As ratchet freak said, devices aren't required to have a memory type that is both device local and host visible. Even though most do, the size might be limited. Maybe things have changed in the last few years, but it used to be that PCI-E and BIOS limitations means 256 MB or maybe 512 MB was as much as you could get. And finally, CPU writes to over PCI-E are going to be lower bandwidth than to the CPU's own memory. So even though using a staging buffer uses twice as much total bandwidth, if it can be done asynchronously on a transfer queue, it minimizes the time that the CPU and graphics pipeline spend on that transfer. So whether using a staging buffer is a net win is going to depend on the specific CPU and GPU combination, and what your application is doing.
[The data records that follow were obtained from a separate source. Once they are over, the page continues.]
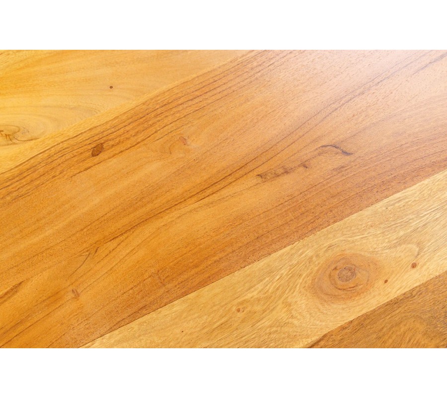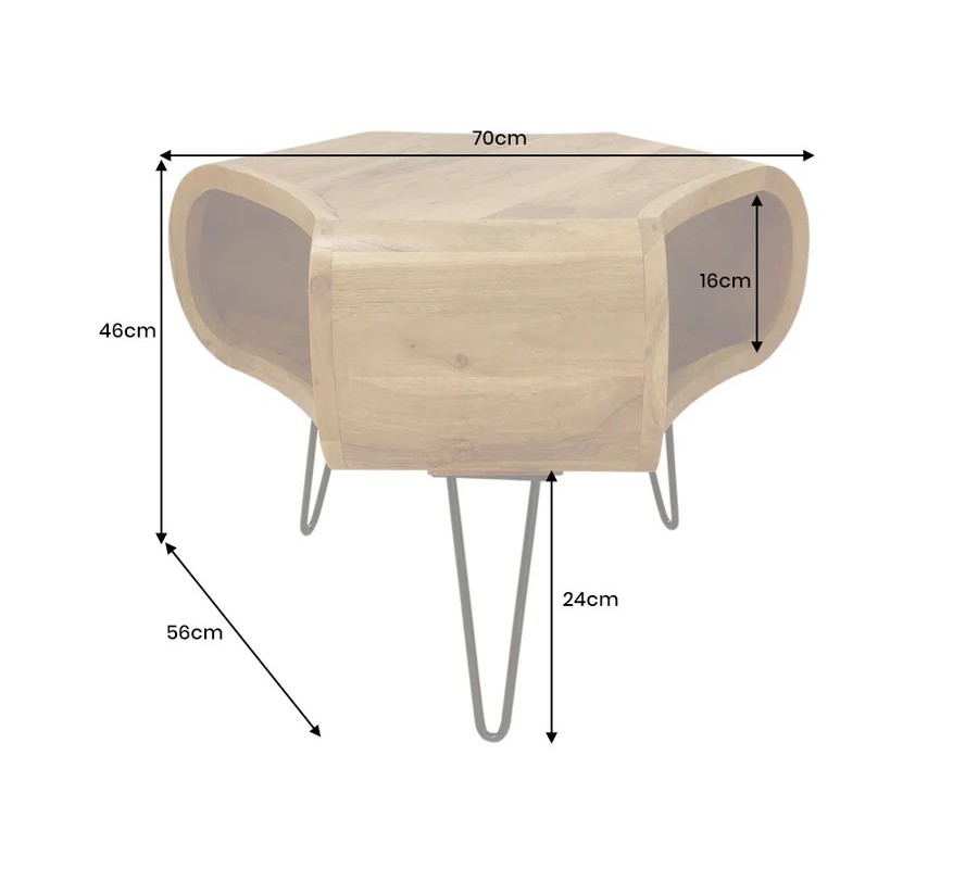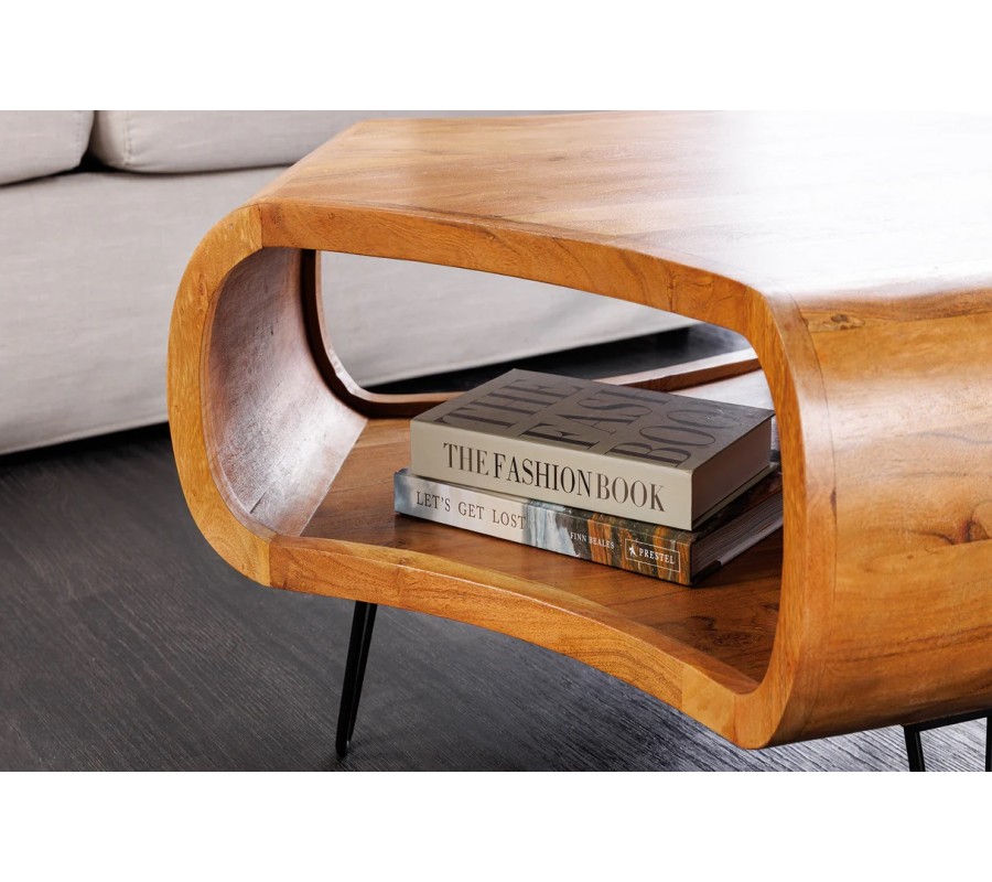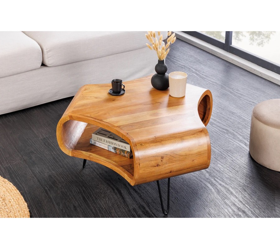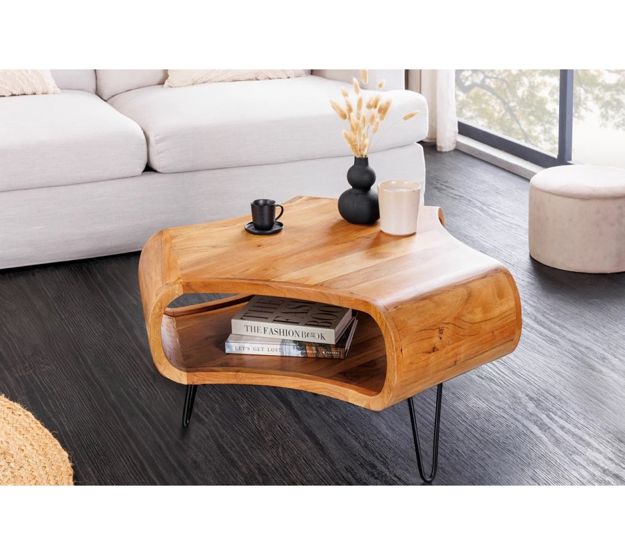 Oblé křivky, hrubé masivní provedení a kovové prvky dělají stolek ideálním do industriálních, moderních i přírodně laděných interiérů. Výborně bude ladit k neutrálním látkovým sedačkám, ke kovovým doplňkům, černým lampám ak dalším masivním kusům z akáciového dřeva.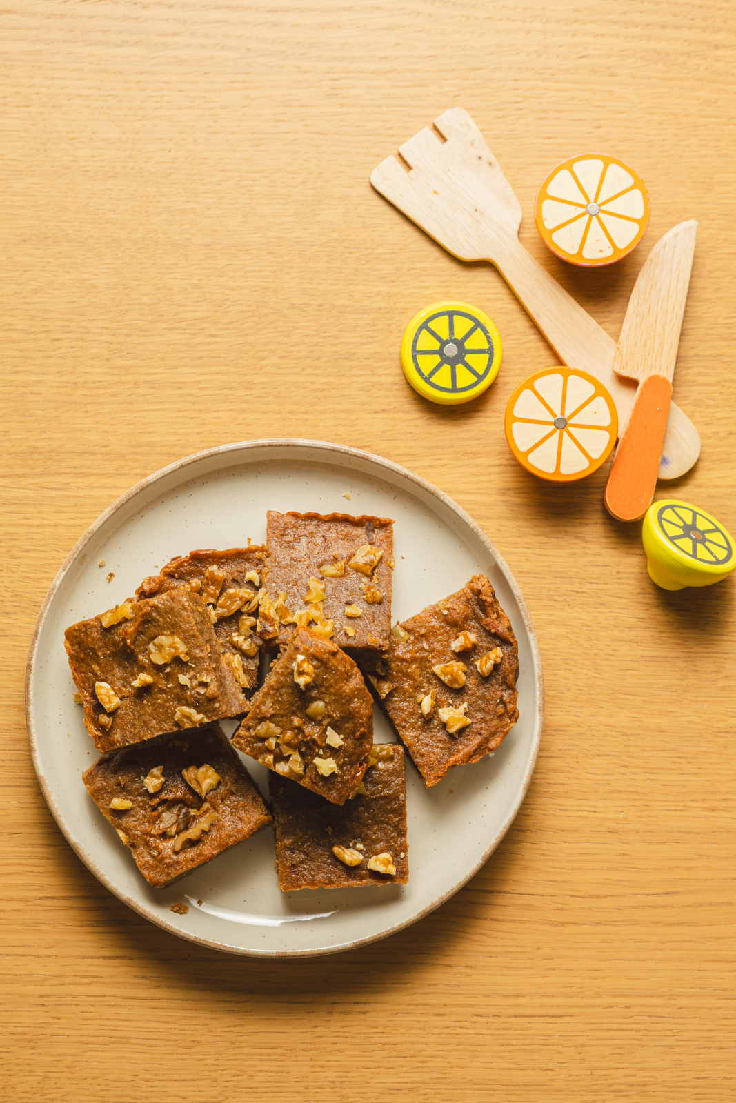 - Απλώνουμε το μείγμα σε ένα ταψάκι διαστάσεων 25 x 25 εκ. στρωμένο με αντικολλητικό χαρτί και το ψήνουμε σε προθερμασμένο φούρνο στους 180°C, στον αέρα, για περίπου 20 λεπτά.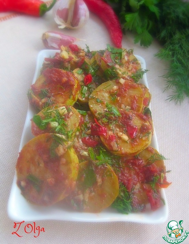 Кабачки "Огонек" https://www.povarenok.ru/recipes/show/90911/ по рецепту Ларисы Glaros! Еще один рецепт, добавленный в копилочку «вкусно-кабачковых»! Получилась острая, пикантная закуска!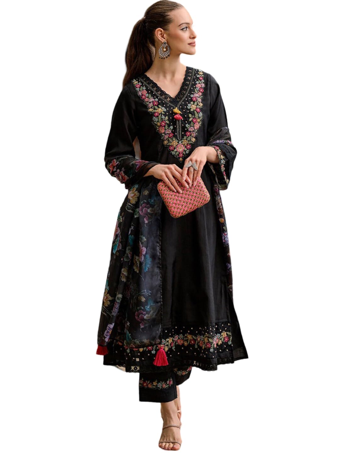 Brand: The Red Lion EnterpriseColor: BlackFeatures: Fabric:- VISCOSE Cotton , Kurta length 45, Pant length 38, Inclusive: Top, Bottom & Dupatta Flattering Size Options: Available in sizes S(36), M(38), L(40), XL(42), XXL(44); designed for a graceful, ready-to-wear fit.Dupatta Fabric : Organza, Floral print with Tessales & Floral Embroidery work on NeckReady to Wear: Fully stitched 3-piece set with a flattering silhouette and easy-to-style comfort for weddings, festivals, and partiesFeatures 3/4th sleeves and a round neckline, adorned with stunning thread and sequin embroidery work.Easy Care Instructions: Machine washable or hand washable for effortless care and lasting beautyExquisite heavy suit set adorned with intricate hand embroidery and elegant Zari weavingLuxurious high-quality fabric with impeccable finishing.Includes: Top, Bottom, and Dupatta (3-piece set).Package Dimensions:...

However, on SOCs like mobile devices or integrated GPUs, using a staging buffer should seldom if ever be a win. Mobile GPUs shouldn't have limited device-local + host-visible heap sizes. Looking at a couple Windows integrated GPUs on vulkan.gpuinfo.org, it looks like modern Intel integrated GPUs don't have such limits either, but AMD integrated GPUs still do (I only looked at a few random samples, YMMV).
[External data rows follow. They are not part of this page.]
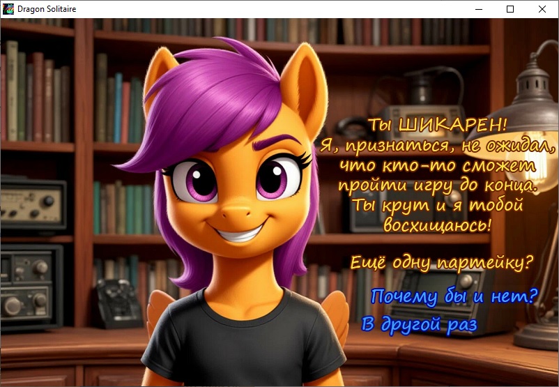 Итоги: а собственно не знаю, что добавить. Ну такое, приключеньице небольшое. На самом деле было бы лучше, будь в ней меньший упор на мемасы и чуть лучше дизайн интерфейса.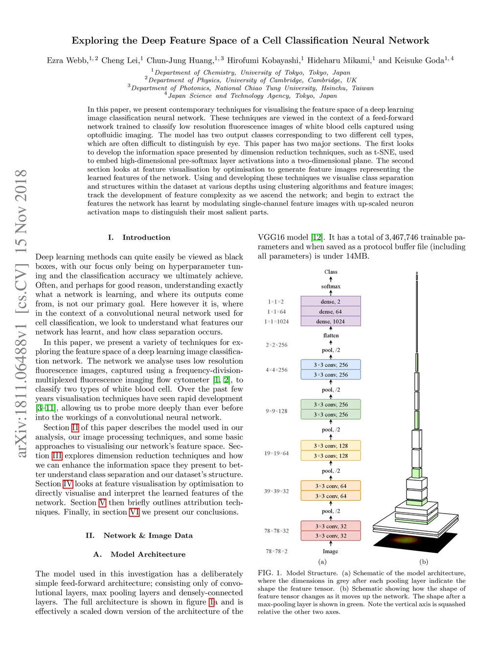 In this paper, we present contemporary techniques for visualising the feature space of a deep learning image classification neural network. These techniques are viewed in the context of a feed-forward network trained to classify low resolution fluorescence images of white blood cells captured using optofluidic imaging. The model has two output classes corresponding to two different cell types, which are often difficult to distinguish by eye. This paper has two major sections. The first looks to develop the information space presented by dimension reduction techniques, such as t-SNE, used to embed high-dimensional pre-softmax layer activations into a two-dimensional plane. The second section looks at feature visualisation by optimisation to generate feature images representing the learned features of the network. Using and developing these techniques we visualise class separation and structures within the dataset at various depths using clustering algorithms and feature images; track the development of feature complexity as we ascend the network; and begin to extract the features the network has learnt by modulating single-channel feature images with up-scaled neuron activation maps to distinguish their most salient parts.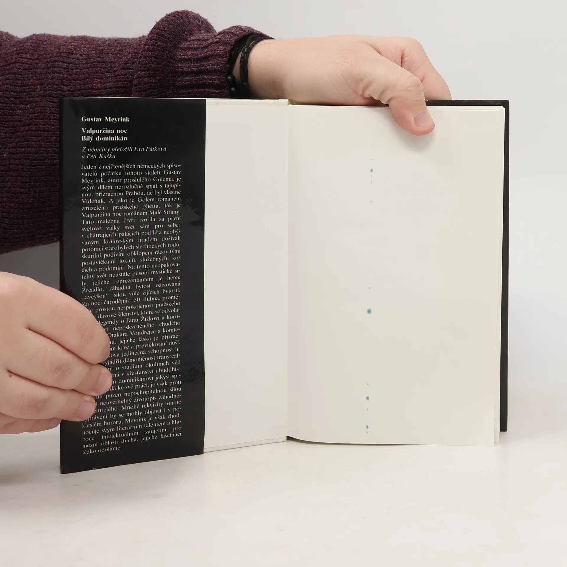 Souborné vydání dvou románů. Román se odehrává na Malé Straně za Valpuržiny noci, noci čarodějnic. – V románu „Bílý dominikán" usedá jakýsi spisovatel ke své práci, je však proti své vůli puzen nepochopitelnou silou sepsat neuvěřitelný životopis záhadného zemřelého.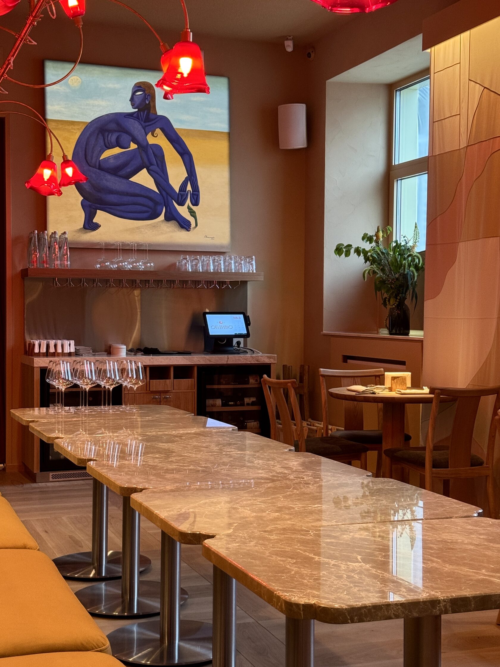 В винном зале вдоль окон размещено панно Эли Винокуровой «Белые сны». Оно передает легкость зимних грез — это намек на заснеженные пейзажи, морозные узоры и полупрозрачные сновидения. Здесь же — картина Алины Виноградовой Prithvi Mata (с санскрита Prithvi переводится как «земля», а также является именем богини, олицетворяющей ее в индуизме). В работах художницы переплетаются мифологии разных культур. В большом зале на стене — панно из обугленного дерева Лины Дыговой «Бурка», символизирующее силу и мудрость.

All this makes it hard to give a clear "always do X" recommendation. Personally, I would generally do this:
- If I just want one code path that works everywhere and am not worried about performance or memory footprint, use a staging buffer. This is probably a good choice for discrete GPUs, but suboptimal for integrated/SOC GPUs.
- Otherwise, keep the staging buffer as a fallback path, but use a shared device-local/host-visible pool when there's a big enough one available.
- When I start trying to get every last bit of performance, then tune the above to prefer staging buffers with asynchronous transfers for some kinds of uploads on discrete GPUs, when I have data showing it's a net win.